RQ3 — What are the quantitative trade-offs between statistical and evolutionary approaches? A ~190:1 throughput advantage for the statistical method (~1,091 vs. ~5.7 packets/sec), counterbalanced by the GA’s lower worst-tier anomaly (0.62% vs. 1.20%) and wider organic per-class variance (0.00%–2.50%) — making each method better suited to different operational contexts: rapid augmentation versus adversarial-diversity generation.

What’s in this repository

Component	Purpose
Statistical learning pipeline	PCA-based latent-space sampling + Gaussian mixture (α=0.7 PCA, 0.3 Gaussian), dual OCSVM+IF binary gate, feature clipping, batch rejection sampling
Genetic algorithm pipeline	P=200 population, composite fitness (Eq. 7 in paper), tournament-k3 selection, uniform/single-point/blend crossover, Gaussian/uniform/boundary-reset mutation (pm=0.05), top-20 elitism, 3-gen stagnation restart, 50-gen max
Preprocessing module	Feature-wise imputation for Flow Bytes/s and Flow Packets/s (3,848 missing values), constant-variance column removal, one-hot encoding of Connection Type, StandardScaler normalization (85 → 75 features)
Adaptive parameter selection	νc = min(0.1, 1/(n+1)) for OCSVM regularization; ncomp = min(0.95, max(0.1, 1 − 10/n)) for PCA variance retention — both scale gracefully from n=5 to n=879,027
Independent validator	Fresh OCSVM + IF trained on original ACI-IoT-2023 features only; global tier (10,000-sample cross-class, ν=0.01, 100 trees) and class-specific tier (adaptive νc, up to 5,000 samples per class)
Quality metric computation	Anomaly rate A_f (Eq. 1), boundary compliance B_c (Eq. 2, always = 1.0 by construction), distributional fidelity D (Eq. 3, z-score normalized Euclidean)
ACI-IoT-2023 data loader	12-class stratified loader with class mappings for Benign, Port Scan, ICMP Flood, Ping Sweep, DNS Flood, Vulnerability Scan, OS Scan, Dictionary Attack, Slowloris, UDP Flood, SYN Flood, ARP Spoofing

Quick start

git clone https://github.com/mayank02raj/Synthetic-Network-Packet-Generation.git
cd Synthetic-Network-Packet-Generation

# Environment (Python 3.10+)
python -m venv .venv
source .venv/bin/activate          # Windows: .venv\Scripts\activate
pip install -r requirements.txt

# Dataset — ACI-IoT-2023 from the Army Cyber Institute at West Point
# See: Nack, McKenzie, Bastian (MILCOM 2024)
# Place CSV under ./data/ACI-IoT-2023/

# Generate synthetic packets (both methods, all 12 categories, 1,000 per class)
python generate_statistical.py --target 1000 --output synthetic_sa/
python generate_ga.py --target 1000 --output synthetic_ga/

# Run independent validation
python validate.py --synthetic synthetic_sa/ --method sa
python validate.py --synthetic synthetic_ga/ --method ga

Statistical method runs in ~11 seconds for all 12,000 synthetic packets on the hardware below.
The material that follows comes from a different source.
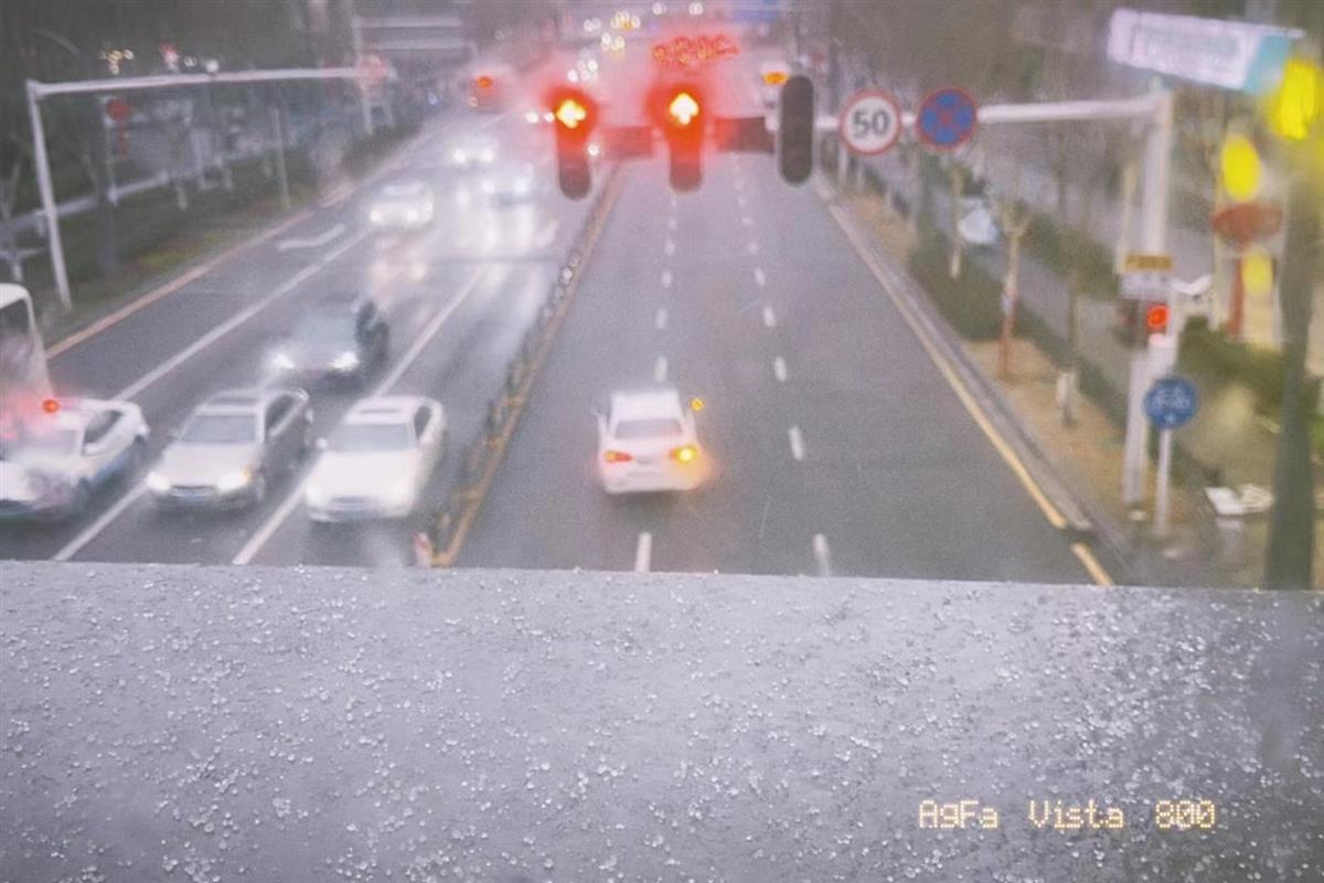 街上走路或骑电动车的朋友们,也都戴上厚厚帽子,裹得严严实实,抵御寒流。晚间7时许,周女士开车路过珞狮路高架时,哗啦啦,突然一大波冰粒撒在前挡风玻璃上,“看样子,要下雪了!”

GA takes ~35 minutes for identical output.

Reproducibility

Setting	Value
Python	3.10+
scikit-learn	1.3+
NumPy / Pandas	1.24 / 2.0
Hardware (paper results)	MacBook Pro 16-inch 2024, Apple M4 Max (16-core CPU, 40-core GPU, 16-core Neural Engine), 128 GB unified memory, macOS Tahoe
Random seed	Fixed (set in both generation scripts)
Dataset	ACI-IoT-2023, 1,231,411 packets, 12 classes, 5 categories (Benign, Recon, DoS, Brute Force, Spoofing)
Active features after preprocessing	d = 75 (reduced from 85 by removing constant-variance columns and one-hot encoding Connection Type)
Acceptance threshold	τ = 0.30 on all validation tiers
Target synthetic packets per class	M = 1,000
Max attempts per class (statistical)	5M = 5,000
Max GA generations	50 per class

Statistical method hyperparameters

Parameter	Symbol	Value
OCSVM regularization	νc	min(0.1, 1/(n+1))
OCSVM kernel	K	RBF, γ=scale
IF contamination	cf	= νc
IF ensemble size	T	100 trees
PCA variance retained	vc	min(0.95, max(0.1, 1 − 10/n))
PCA weight in hybrid sampling	α	0.7
Gaussian weight	1 − α	0.3
Noise scaling	β	0.5
Latent noise std	σz	0.1
Batch size	b	100

Genetic algorithm hyperparameters

Parameter	Symbol	Value
Population size	P	200
Elite count	e	20 individuals
Mutation rate	pm	0.05
Tournament size	k	3
Max generations	Gmax	50
Target fitness	f*	0.9
Stagnation restart	sr	3 generations
Noise (seeded init)	σs	0.01
Noise (Gaussian init)	σg	0.3
Mutation noise	σm	0.1 · rj (feature range)
Initial population split	25% seeded + 50% Gaussian + 25% uniform

Complete results table

Condensed from Tables IV–VII of the paper:

Statistical learning — independent validation (Table IV)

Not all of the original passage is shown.